As does mail.google.com:

dig +nsid mail.google.com @1.1.1.1 

; <<>> DiG 9.10.6 <<>> +nsid mail.google.com @1.1.1.1
;; global options: +cmd
;; Got answer:
;; ->>HEADER<<- opcode: QUERY, status: NOERROR, id: 25269
;; flags: qr rd ra; QUERY: 1, ANSWER: 1, AUTHORITY: 0, ADDITIONAL: 1

;; OPT PSEUDOSECTION:
; EDNS: version: 0, flags:; udp: 1232
; NSID: 34 36 39 6d 32 ("469m2")
;; QUESTION SECTION:
;mail.google.com.		IN	A

;; ANSWER SECTION:
mail.google.com.	90	IN	A	142.250.70.133

;; Query time: 59 msec
;; SERVER: 1.1.1.1#53(1.1.1.1)
;; WHEN: Sat Oct 21 19:40:58 AEDT 2023
;; MSG SIZE  rcvd: 69

The id.server flags "469m3", which admittedly is not the same, but suspiciously similar. Tasmania being an island, it’s impossible to get similar latencies for any other location (13 ms between Hobart and Melbourne, the closest next hop), so I’m reasonably confident that I was always getting a Hobart server when the issue was present.

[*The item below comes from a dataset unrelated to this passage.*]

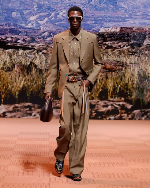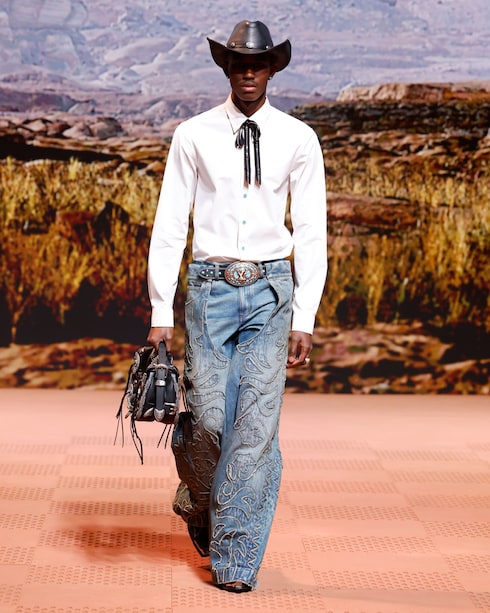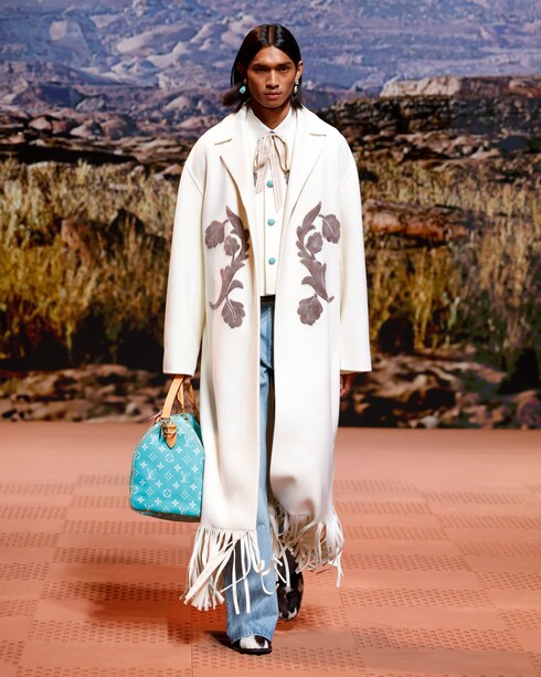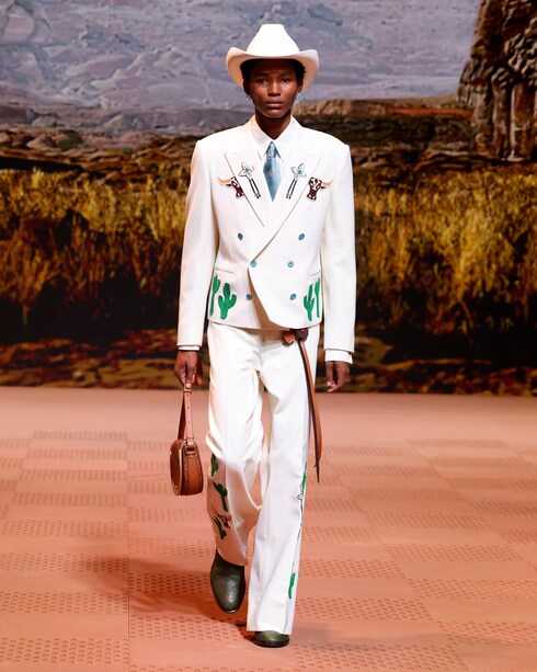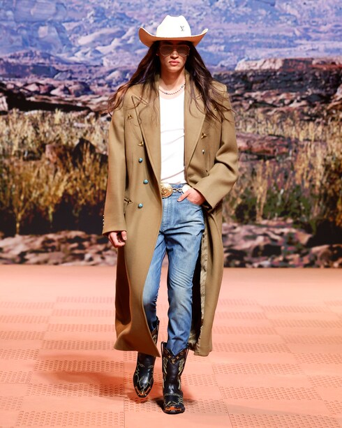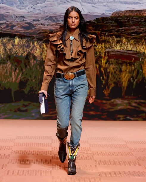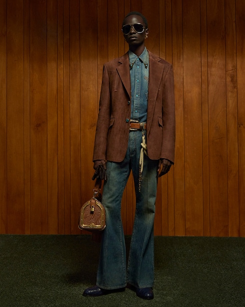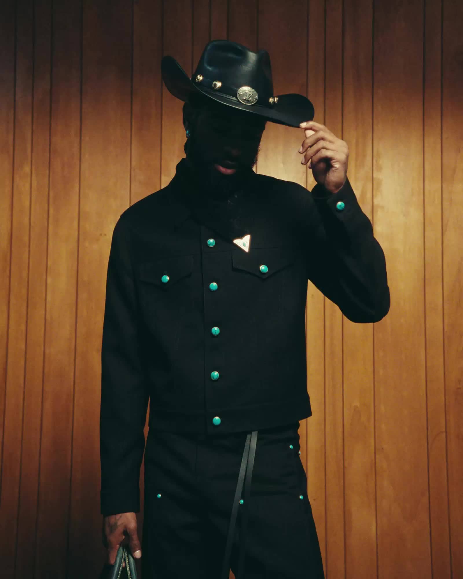 Evoking the iconography of the American Western wardrobe, cowboy-inspired silhouettes and workwear details are imbued with the Maison's heritage signatures. Punctuated by quintessential adornments and refined materials, iconic bags and accessories exude nuanced style codes of the frontier.

dig +nsid CH TXT id.server @1.1.1.1                                   

; <<>> DiG 9.10.6 <<>> +nsid CH TXT id.server @1.1.1.1
;; global options: +cmd
;; Got answer:
;; ->>HEADER<<- opcode: QUERY, status: NOERROR, id: 52851
;; flags: qr rd ra; QUERY: 1, ANSWER: 1, AUTHORITY: 0, ADDITIONAL: 1

;; OPT PSEUDOSECTION:
; EDNS: version: 0, flags:; udp: 1232
; NSID: 34 36 39 6d 33 ("469m3")
;; QUESTION SECTION:
;id.server.			CH	TXT

;; ANSWER SECTION:
id.server.		0	CH	TXT	"HBA"

;; Query time: 57 msec
;; SERVER: 1.1.1.1#53(1.1.1.1)
;; WHEN: Sat Oct 21 19:41:39 AEDT 2023
;; MSG SIZE  rcvd: 63

This topic was automatically closed 15 days after the last reply. New replies are no longer allowed.